- Barughutu Location in Jharkhand, India Barughutu Barughutu (India)
- Coordinates: 23°47′15″N 85°33′09″E﻿ / ﻿23.7875°N 85.5525°E
- Country: India
- State: Jharkhand
- District: Ramgarh

Population (2011)
- • Total: 24,202

Languages (*For language details see Mandu (community development block)#Language and religion)
- • Official: Hindi, Urdu
- Time zone: UTC+5:30 (IST)
- PIN: 825316
- Telephone/ STD code: 06545
- Vehicle registration: JH
- Lok Sabha constituency: Hazaribagh
- Vidhan Sabha constituency: Mandu
- Website: ramgarh.nic.in

= Barughutu =

Barughutu is a census town in the Mandu CD block in the Ramgarh subdivision of the Ramgarh district in the state of Jharkhand, India. Barughutu is adjacent to Ghatotand, where Tata Steel's West Bokaro Colliery is situated.

==Geography==

===Location===
Barughutu is located at .

===Area overview===
Barughutu, Ramgarh has an active coal-mining sector. The map provides links to five operational areas of Central Coalfields spread across South Karanpura Coalfield, Ramgarh Coalfield and West Bokaro Coalfield. Four of the six CD blocks in the district have coal mines – Patratu, Ramgarh, Mandu and Chitarpur. The concentration of census towns in these blocks is greater than the concentration of rural blocks. Only blocks, Gola and Dulmi, are totally rural areas. Ramgarh district lies in the central part of the Chota Nagpur Plateau. The Damodar valley covers most of the district. The forested areas in highlands to the north and the south of the valley can be seen in the map (mark the shaded areas). "Chotanagpur has a charm of its own… The entire area forms one of the most charming series of views imaginable. The far-off hills in the background in exquisite tints of blue or purple as the light falls, the nearer hills picturesquely shaped and luxuriant in every shade of green with their bold escarpments in black or grey, and the brown plains below furnishing their quota of colours."

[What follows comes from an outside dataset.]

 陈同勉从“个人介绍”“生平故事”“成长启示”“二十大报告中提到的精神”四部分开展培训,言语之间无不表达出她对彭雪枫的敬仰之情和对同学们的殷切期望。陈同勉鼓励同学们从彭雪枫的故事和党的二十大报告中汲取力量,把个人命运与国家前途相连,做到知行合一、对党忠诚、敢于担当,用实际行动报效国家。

Note: The map alongside presents some of the notable locations in the district. All places marked in the map are linked in the larger full screen map.

==Demographics==
According to the 2011 Census of India, Barughutu had a total population of 24,202, of which 12,864 (53%) were males and 11,338 (47%) were females. Population in the age range 0–6 years was 2,720. The total number of literate persons in Barughutu was 18,166 (84.56% of the population over 6 years).

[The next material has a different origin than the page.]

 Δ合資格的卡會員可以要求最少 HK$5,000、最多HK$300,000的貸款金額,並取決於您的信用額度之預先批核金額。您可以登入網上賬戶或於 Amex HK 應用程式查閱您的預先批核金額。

As of 2001 India census, Barughutu had a population of 21,091. Males constitute 54% of the population and females 46%. Barughutu has an average literacy rate of 70%, higher than the national average of 59.5%; with 59% of the males and 41% of females literate. 16% of the population is under 6 years of age.

==Infrastructure==
According to the District Census Handbook 2011, Ramgarh, Barughutu covered an area of 6.719 km^{2}. Among the civic amenities, it had 60 km roads with both open and closed drains, the protected water supply involved tap water from treated and untreated sources, overhead tank. It had 4,612 domestic electric connections, 300 road lighting points. Among the medical facilities, it had 3 hospitals, 1 dispensary, 1 health centre, 1 family welfare centre, 20 maternity and child welfare centres, 20 maternity homes, 1 nursing home, 10 medicine shops. Among the educational facilities it had 3 primary schools, 2 middle schools, 1 secondary school, 1 senior secondary school, the nearest general degree college at Mandu 10 km away. Among the social, recreational and cultural facilities it had 2 stadiums, 4 auditorium/ community halls. One important commodity it produced was coal. It had the branch offices of 1 nationalised bank, 1 agricultural credit society, 2 non-agricultural credit societies.

==Education==
Tata DAV Public School is located at Barughutu.